=== Given data ===

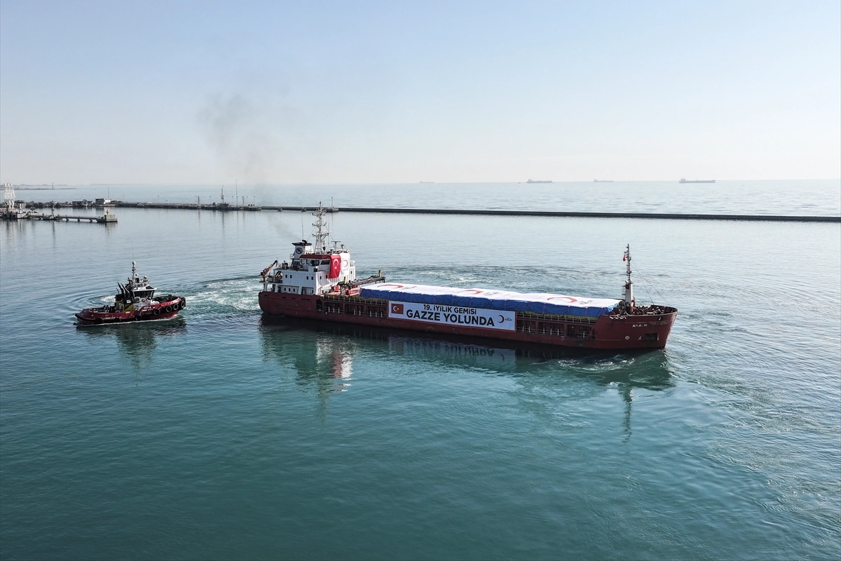 Türk Kızılayın Gazze'ye gönderilmek üzere hazırladığı, yaklaşık 1300 ton insani yardım malzemesi bulunan 19. "İyilik Gemisi", Mersin Uluslararası Limanı'ndan uğurlandı.
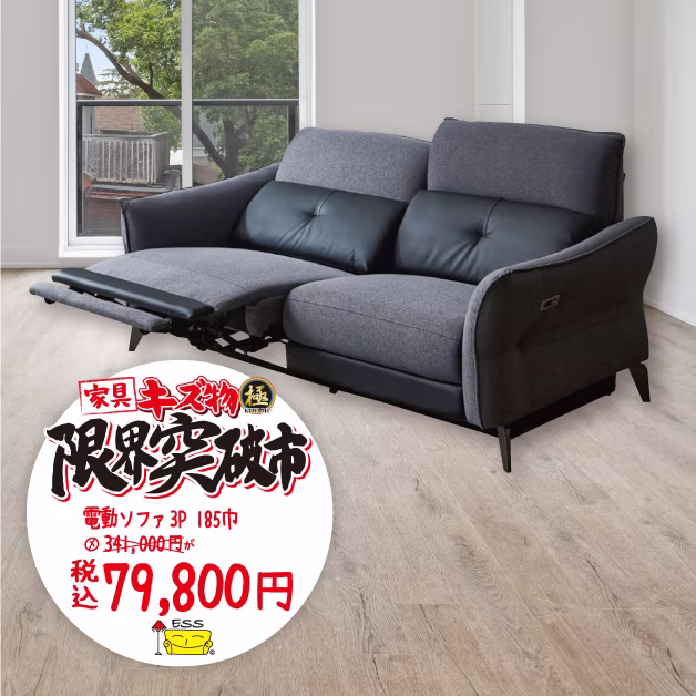 【185巾3P電動ソファ】㋱341,000円が税込79,800円です。
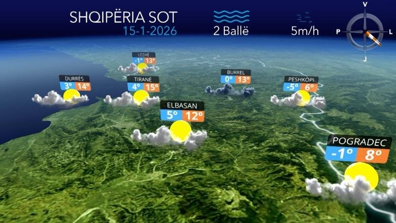 Era do të fryjë me drejtim verilindje– juglindje, me shpejtësi mesatare 8 m/s.
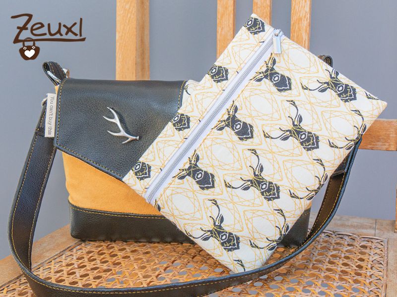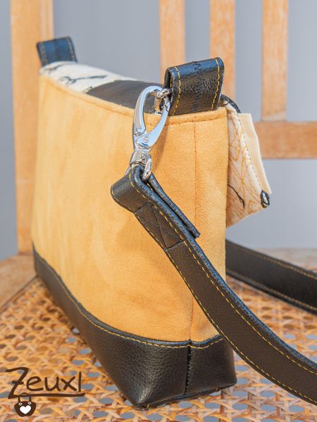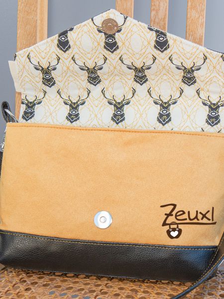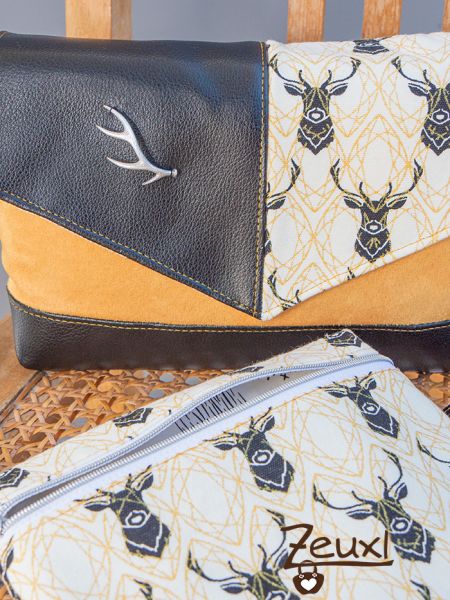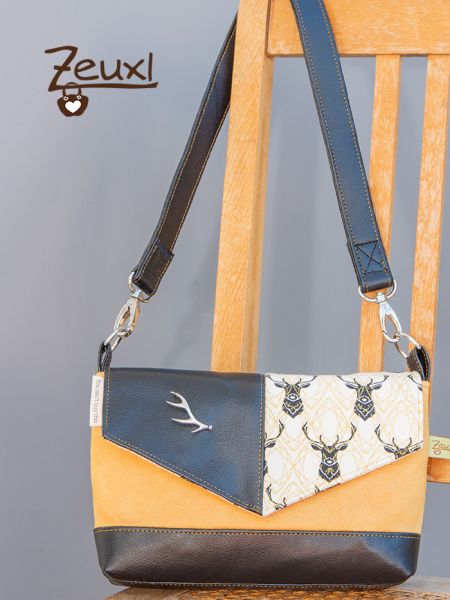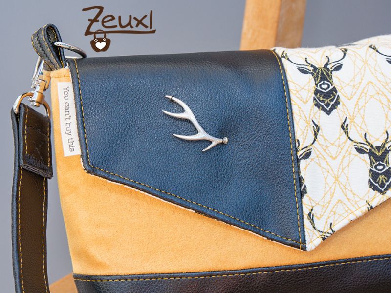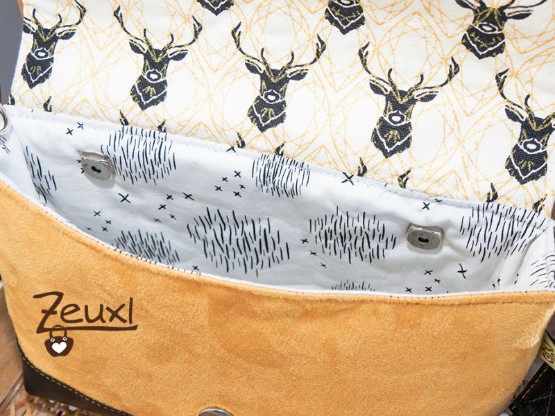 Als meine erste Josha in S (hier) am Entstehen war, hatte ich schon diese Stoffkombination im Kopf. Die lange gestreichelten Hirschköpfe, dazu schwarzes Kunstleder und dieser Stoff in goldgelber Wildlederoptik, genauso sollte es sein. Dieses Mal wie gesagt nochmal die kleine Josha und mit der spitzen Klappe.
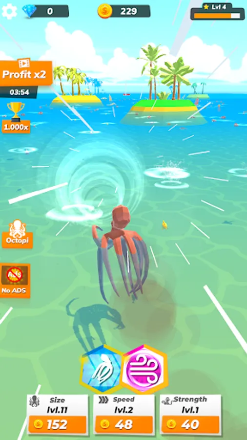 Your idle octopus must evolve to increase its power in the ocean. Remember that you are not the only predator in the coastal waters! Just click and grow, hunt and eat. Each sea beast has unique bonuses to increase your profit and strength. Evolve your fish into a great octopi, devilfish, or Kraken! They have monstrous 3D tentacles to bite! Upgrade your monster’s swimming speed, damage, and resistance levels.
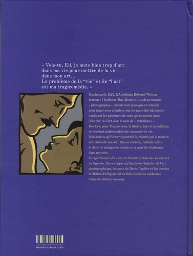 C'est l'été 1923 à Mexico. Edward Weston, photographe américain, abandonne sa famille pour rejoindre Tina Modotti, ancienne actrice aux origines italiennes reconvertie dans l'art pictural. Ensemble, ils s'engageront aux côtés des militants de l'art et vivront la révolution mexicaine de l'intérieur : c'est le temps où les opinions s'exposent sur les murs des bâtiments publics, où les peintres tels que Diego Rivera ou Xavier Guerrero prennent parti pour le peuple et la liberté, dont ils tracent les contours sur la toile gigantesque de la capitale. Entre leurs aspirations à des idéaux solidaires, le tourbillon d'un mouvement culturel unique et leurs luttes contre le pouvoir en place autant que contre eux-mêmes et leur entourage, les deux artistes éprouvent d'intenses déchirements. Mais que restera-t-il de ces fulgurances une fois venue la fin de l'été ? Dans "L'impertinence d'un été", ici dans sa première édition chez "Aire Libre", Denis Lapière évoque avec verve et chaleur le point de bascule que représentent les années 1920 dans l'histoire du Mexique. Servie par le trait élégant de Pellejero, l'actuel dessinateur de "Corto Maltese", qui seul parvient à faire danser l'âme bariolée de ce pays, cette double biographie est un brasier multicolore.

===

— Problem —
Repeat verbatim the lines between the start of the data and the line containing "Your idle octopus", both ends included, omitting all pictures.

— Your solution —
 Türk Kızılayın Gazze'ye gönderilmek üzere hazırladığı, yaklaşık 1300 ton insani yardım malzemesi bulunan 19. "İyilik Gemisi", Mersin Uluslararası Limanı'ndan uğurlandı.
 【185巾3P電動ソファ】㋱341,000円が税込79,800円です。
 Era do të fryjë me drejtim verilindje– juglindje, me shpejtësi mesatare 8 m/s.
 Als meine erste Josha in S (hier) am Entstehen war, hatte ich schon diese Stoffkombination im Kopf. Die lange gestreichelten Hirschköpfe, dazu schwarzes Kunstleder und dieser Stoff in goldgelber Wildlederoptik, genauso sollte es sein. Dieses Mal wie gesagt nochmal die kleine Josha und mit der spitzen Klappe.
 Your idle octopus must evolve to increase its power in the ocean. Remember that you are not the only predator in the coastal waters! Just click and grow, hunt and eat. Each sea beast has unique bonuses to increase your profit and strength. Evolve your fish into a great octopi, devilfish, or Kraken! They have monstrous 3D tentacles to bite! Upgrade your monster’s swimming speed, damage, and resistance levels.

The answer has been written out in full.